Monday, April 2, 2018

Top 5 Ways Companies Hamstring their Development Process

Consulting with dozens of companies, I have come up with a list of the most common impediments that damage a company’s ability to generate maximal business value from development.

As profit goes down, companies are looking for ways to improve
- although the search is in vain unless root causes are dealt with!

“Business Value” is the positive business outcome of development (eg., Money earned, customer satisfaction, market share, conversion rate etc.), minus all costs of producing this outcome, including the delay incurred until gaining it, adverse side effects and opportunity cost of not doing something else instead. Or, in simpler terms, Business Value = success.

The following factors are commonplace, yet most companies are so oblivious to the damage these things cause that they might even be unwilling to deal with the issue:

#1 Communication

Regardless of whether it’s top/down, peer-to-peer, internal or customer facing - communication proves to be the #1 challenge in doing the most valuable thing.
Middle management filtering critical information, unsuitable use of media causes misunderstandings, waiting for responses causes unnecessary delay. Even then, not talking and acting upon assumptions often leads to the worst waste.

#2 Trust

Double-checking, approvals and permission processes as well as any other kind of control just keep people from doing that which helps the company most.
While something may always go wrong, a company built on the assumption that employees will purposely damage the business means you’ve lost already.

#3 Processes

Artificial process constraints lead to inefficiency in achieving results, oftentimes impose suboptimal solutions, are often associated with inherent waste, and might enforce unnecessary handovers.
Standardized processes are good for things where you don’t want to invest even a single minute into, yet development and its outcomes aren’t part of those.

#4 Structure

Inflexible organizational structures create indirection and dependencies, result in unavailability, reduce effectiveness, induce delays and limit the opportunities for value creation. Structural issues might reduce a developer's ability to deliver by a good 95%. As Deming said, "a bad system beats a good person 100% of the time".

#5 Saving money

Avoiding to spend money on that essential, "out of budget" component may result in a seemingly more inexpensive solution which may be a hundred times less efficient, potentially to the point where they might eat up the entire value proposal of the development effort.
Bottom line: money spent is irrelevant as long as that spending is below the value obtained. Keen spending goes a much longer way than vigilant budget maintenance.

Bonus: Consequences

#6 Artificial Dependencies

Closely related to communication, structure and trust, when people are forced to synchronize with others on topics they would have under control, the incurred communication overhead tranlates directly into reduced capacity, therefore a multiplicative factor in value reduction.
Such artificial dependencies might include non-value adding functions, such as reporting structures, centralized institutions such as "Enterprise Architecture", "Test Department" etc. As the proverb goes, "Make everything go over your desk and you are important."

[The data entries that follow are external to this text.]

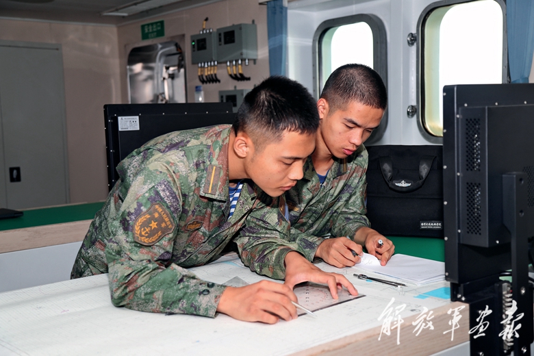 实习学员进行海图作业。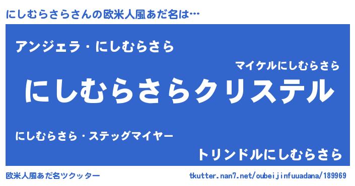 | 男性向けラノベタイトル風あだ名 | 『やはりにしむらさらの青春ラブコメはまちがっている 』 |
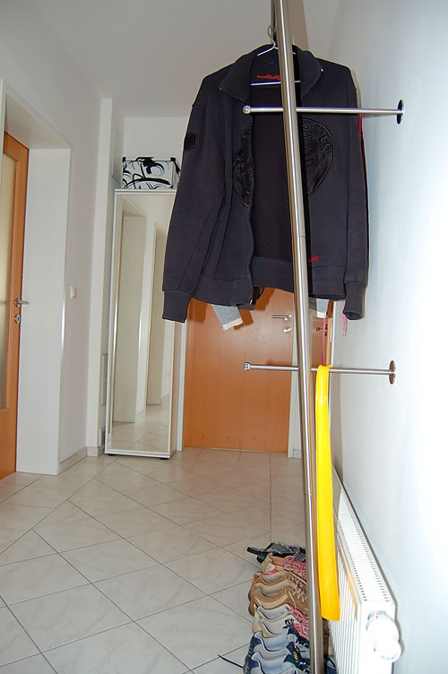 Входная белая дверь и деревянная дверь в ванную комнату. Как видно, в дневное время включать свет нет необходимости.
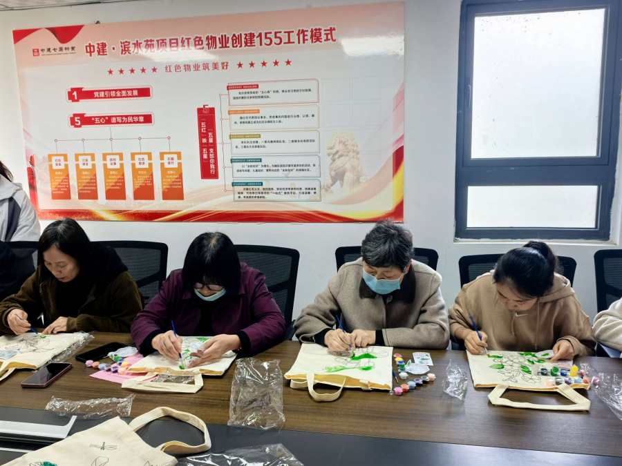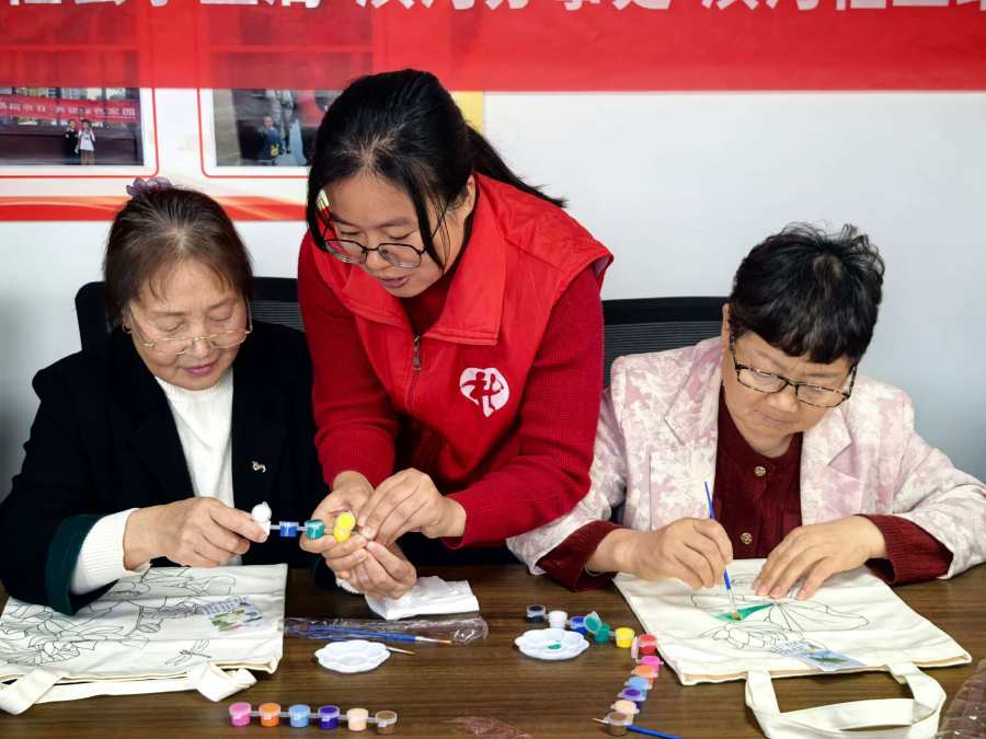 活动当天,社工提前将空白涂鸦帆布包、颜料、画笔、调色盘等材料摆放整齐。社工首先向大家介绍了活动的流程和注意事项,并耐心讲解了彩绘的基本技巧和配色知识,话音刚落,居民们便迫不及待地拿起画笔,开始构思自己的作品。居民们围坐在一起,专注地在帆布包上勾勒线条、填充色彩。有的居民对照模板认真描摹,淡雅的兰花、粉嫩的桃花在帆布包上渐渐舒展;有的居民则结合自身经验稍作创新,给荷花添上几片露珠,让画面更显灵动;还有的居民们互相交流着绘画心得,不时探讨配色技巧,欢声笑语不断。经过大家的精心创作,一个个原本素净的帆布包变成了色彩斑斓、充满个性的艺术品。居民们纷纷拿着自己的作品拍照留念,脸上洋溢着成就感和幸福感。“看我画的荷花多鲜艳,以后买菜逛街就能背,实用又好看。”家住3号楼的张阿姨举着自己的作品,笑得合不拢嘴。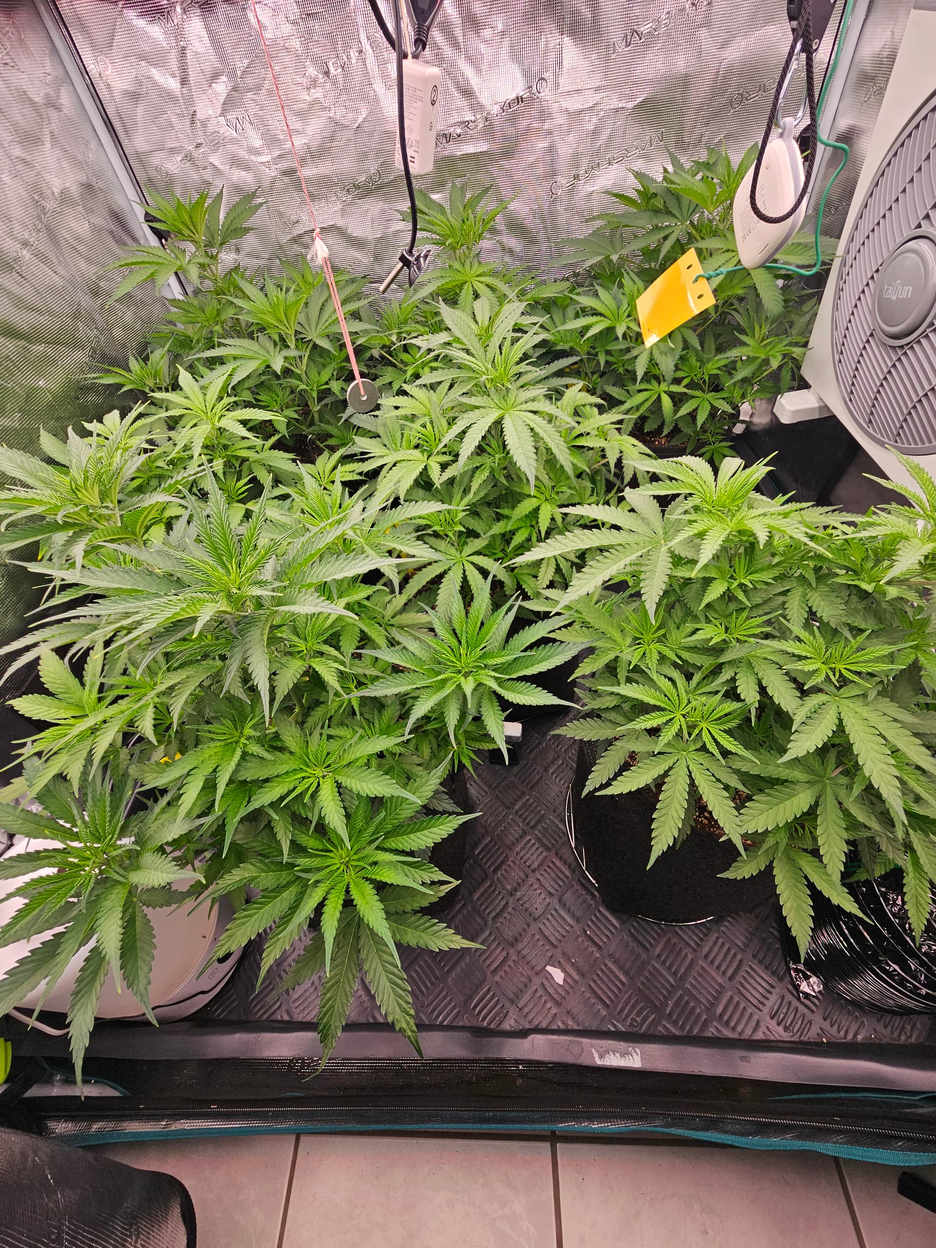 Würde dir sogar empfehlen alle Triebe nochmal zu checken gegebenfalls etwas zurecht binden,so das die Buds später nicht aneiender kleben,ne bessere Luftzirkulation hast, präventiv vorarbeiten zum vermeiden von Schimmel etc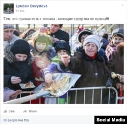Нагадаємо, фото було зроблене навесні цього року в Ставрополі під час святкування Масляної, де місцевих жителів годували млинцями просто з лопат.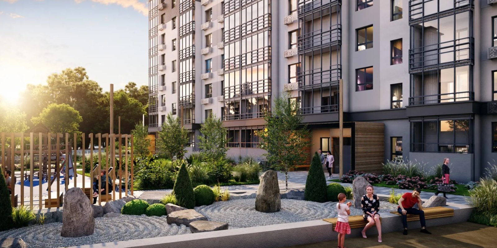 Здесь все продумано до мелочей. Безопасные дворы без машин с игровыми и спортивными площадками для детей разных возрастов. Обильное озеленение дворовой территории березами, кустарниками и цветами позволяет уединиться с природой, находясь в ритме городской жизни. Главная фишка благоустройства — сад камней, место для уединения и обретения гармонии. Светлые дизайнерские подъезды с безбарьерной средой и продуманными помещениями: колясочными и лапомойками. Паркинг вынесен за территорию двора, чтобы дети и машины не пересекались. Камеры видеонаблюдения установлены по всей территории жилого комплекса, просматривать их можно с помощью мобильного приложения «Мажордом». Прямо в жилом комплексе застройщик открывает первый Соседский центр в Ульяновске — общественное пространство для жителей, где можно будет вместе проводить время: общаться, организовать общий досуг, создать уютное пространство для совместного отдыха.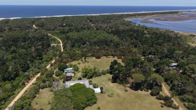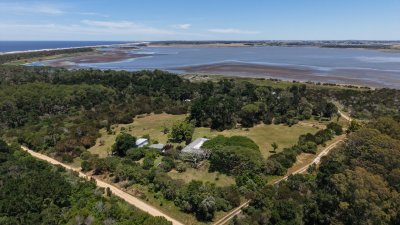 Propiedad en El Caracol, Rocha. El terreno cuenta con una superficie de 24.227 m2. La misma posee dos casas, una principal de 335 m2 y una para invitados de 40 m2. Ademas posee un galpón de 50 m2.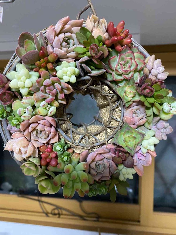多肉植物のリース色とりどりで素敵ですね🍀🧡❤️投稿見て頂いてありがとう😉👍🎶ございます😄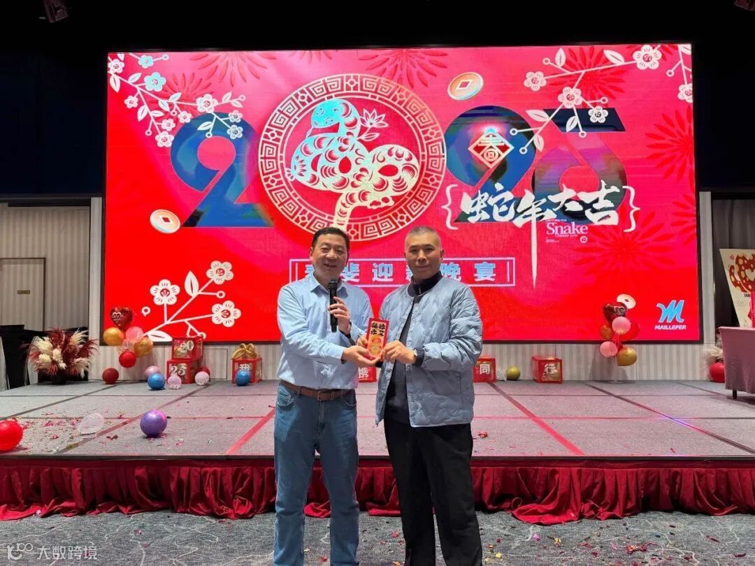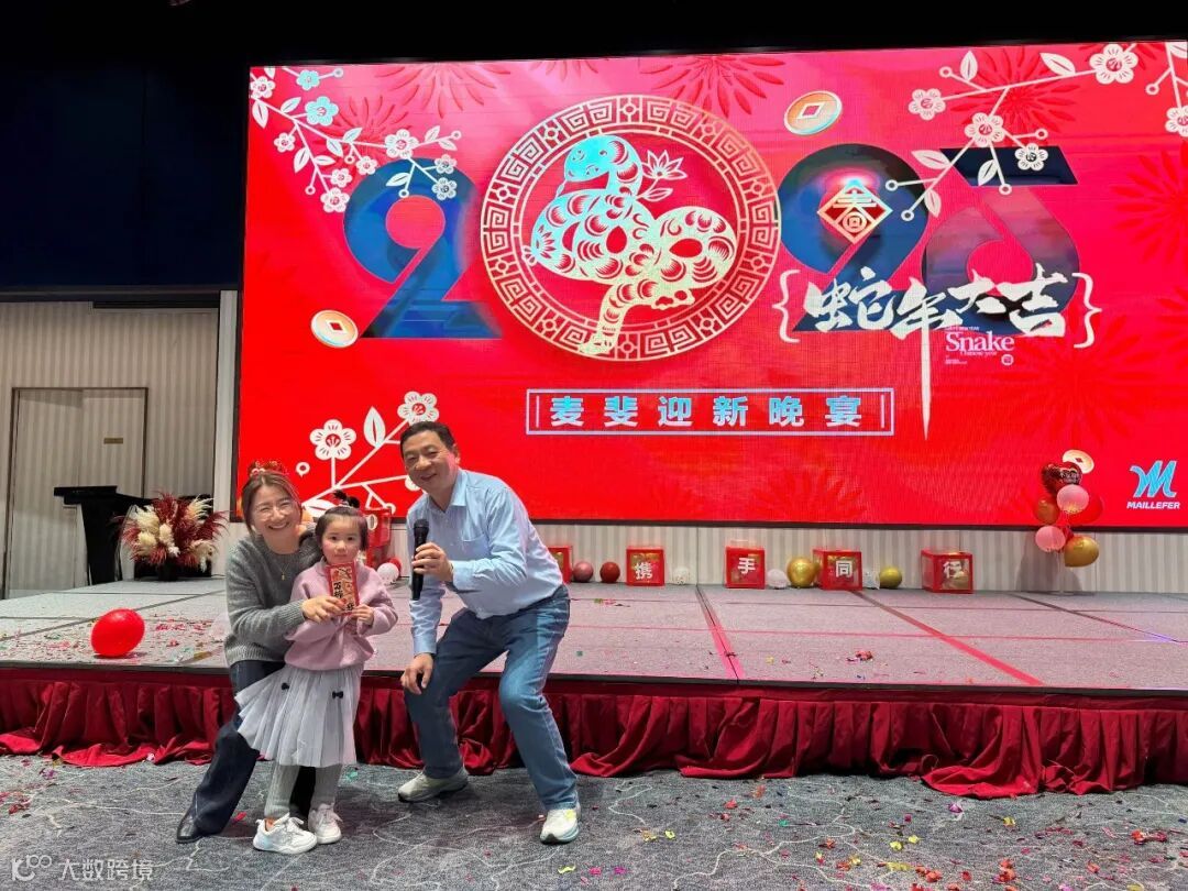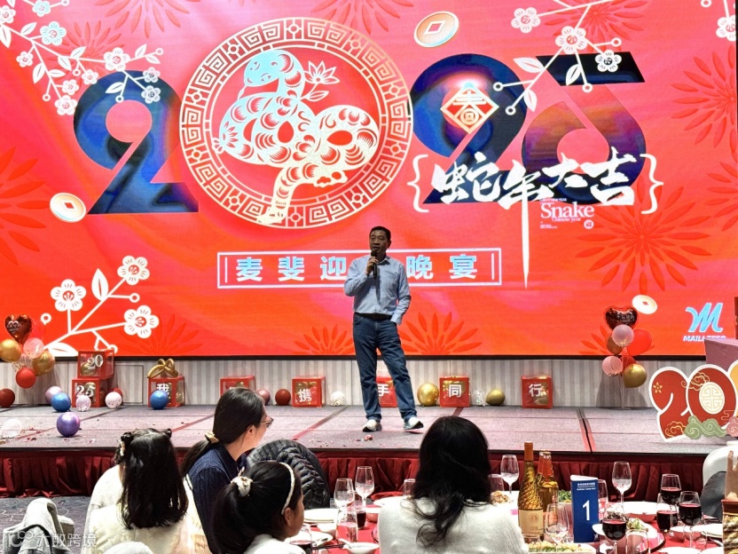 麦斐公司领航人吴云杰总经理上台发表了新年致辞。吴总首先对所有员工在过去一年中的努力和贡献表示了衷心的感谢,特别是对服务团队的高频出差率和办公室团队的默默支持给予了高度评价,同时特别感谢所有员工家属的大力支持。他不仅回顾了公司的成就,也对新一年的工作提出了期望和祝福,激励着每一位员工在新的一年里继续努力,共创佳绩。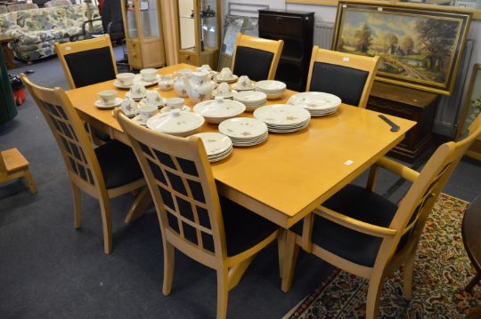 Beech Effect Draw Leaf Dining Table with Four Dining Chairs and Two Carvers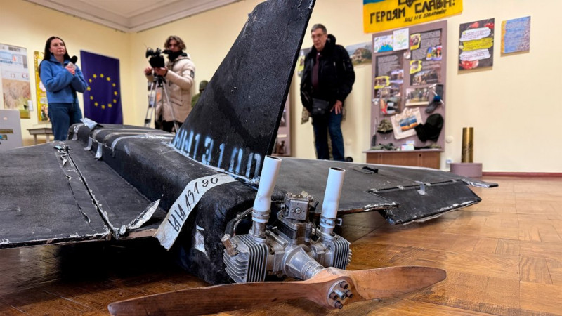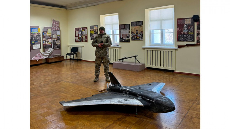 Військовий та збитий російський безпілотник, який передали до Чернігівського обласного історичного музею імені Василя Тарновського у Чернігові 10 лютого 2026 року. Суспільне Чернігів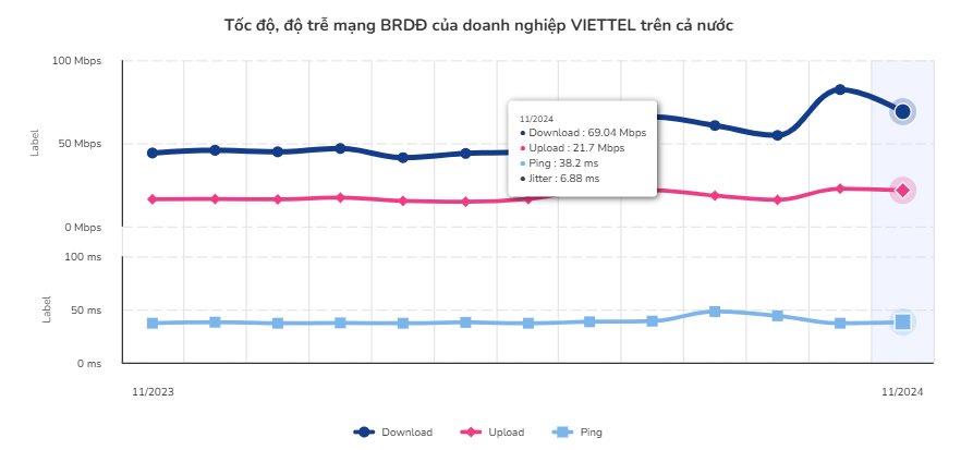 Xét trên chất lượng nhà cung cấp dịch vụ tại Việt Nam, theo số liệu của i-Speed, xét trên chất lượng Internet tải xuống, nhà mạng Viettel hiện đang dẫn đầu, ghi nhận tốc độ 69,04 Mbps. Tuy nhiên so với tháng trước, con số này giảm đến 13,26 Mbps.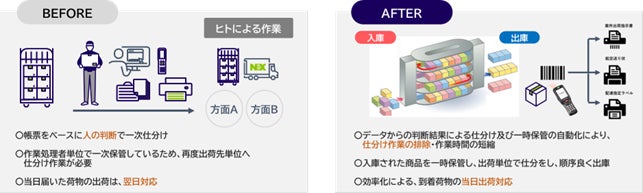 従来は人が実施していた入庫・検品作業、システム入力作業、出庫・仕分作業を自動化し、誰でも簡単に作業ができる環境を整備したことで、ヒューマンエラーを排除し、さらに入庫から出庫までのリードタイム50%の短縮を実現しました。
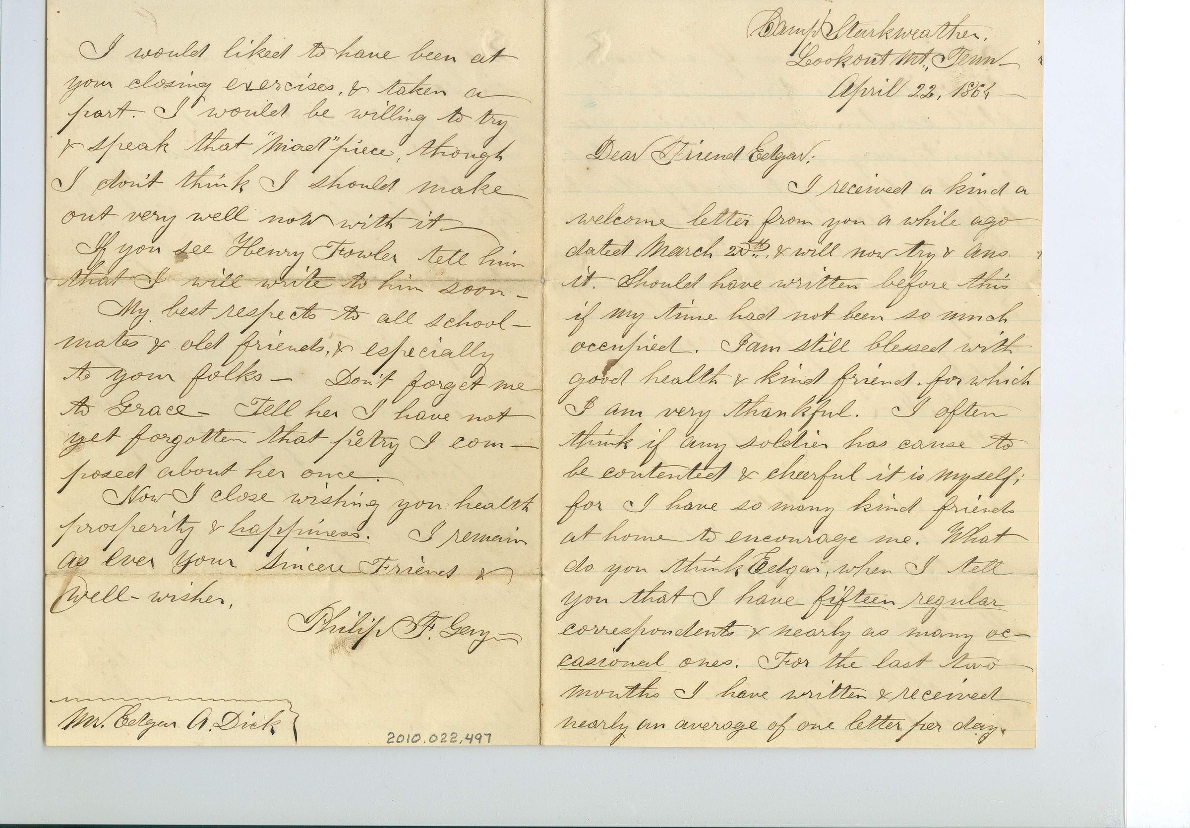 Four pages of correspondence on a single folded sheet of paper. It is written in a black ink and is addressed "Camp Starkweather, Lookout Mt. Tenn. April 22, 1864. Dear Friend Edgar" (Edgar Dick) and is signed "Philip F. Gery". He talks about all the people writing him and how his company is still receiving new recruits. He regrets that Edgar will never be able to "soldier" again because of his health and that his brother Asa has died. It sounds like he died in battle "for the cause of right".Collection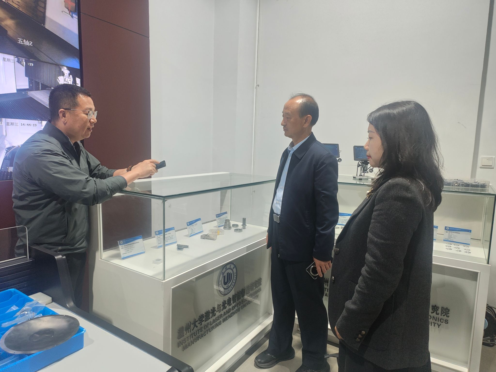 石坚伟书记一行参观了我院检验检测中心、超快激光加工中心及中试平台等,林礼区副院长详细介绍了研究院的发展历程、科研平台建设及成果转化情况。研究院作为浙江省内首批新型研发机构,实行"人才+技术+服务+资本"四位一体科技成果产业化模式,在超快激光精密制造、激光加工制造、智能装备研发等领域形成了技术优势。

#7 Lack of customer interaction

Low trust, bad communication or unsuitable processes, organizational distance etc result in an inability to deliver small increments. Every step taken without involving the customer directly is full risk of delivering zero value. This often produces a vicious circle where more and more risk is pushed downstream until all development happens without customer involvement, who is then usually disappointed to receive a worthless product.


Managers are continuously looking for better ways to get work done which allow them to keep the above things in place. Until we realize that the business relevant outcomes of the work are dependent on dealing with the above factors, all improvement initiatives will at best yield an efficiency increase without offering a better outcome.
Significant improvements in outcome fully depend on doing the right thing in the right way, and that means resolving the key issues around communication, trust, processes, structure and spending.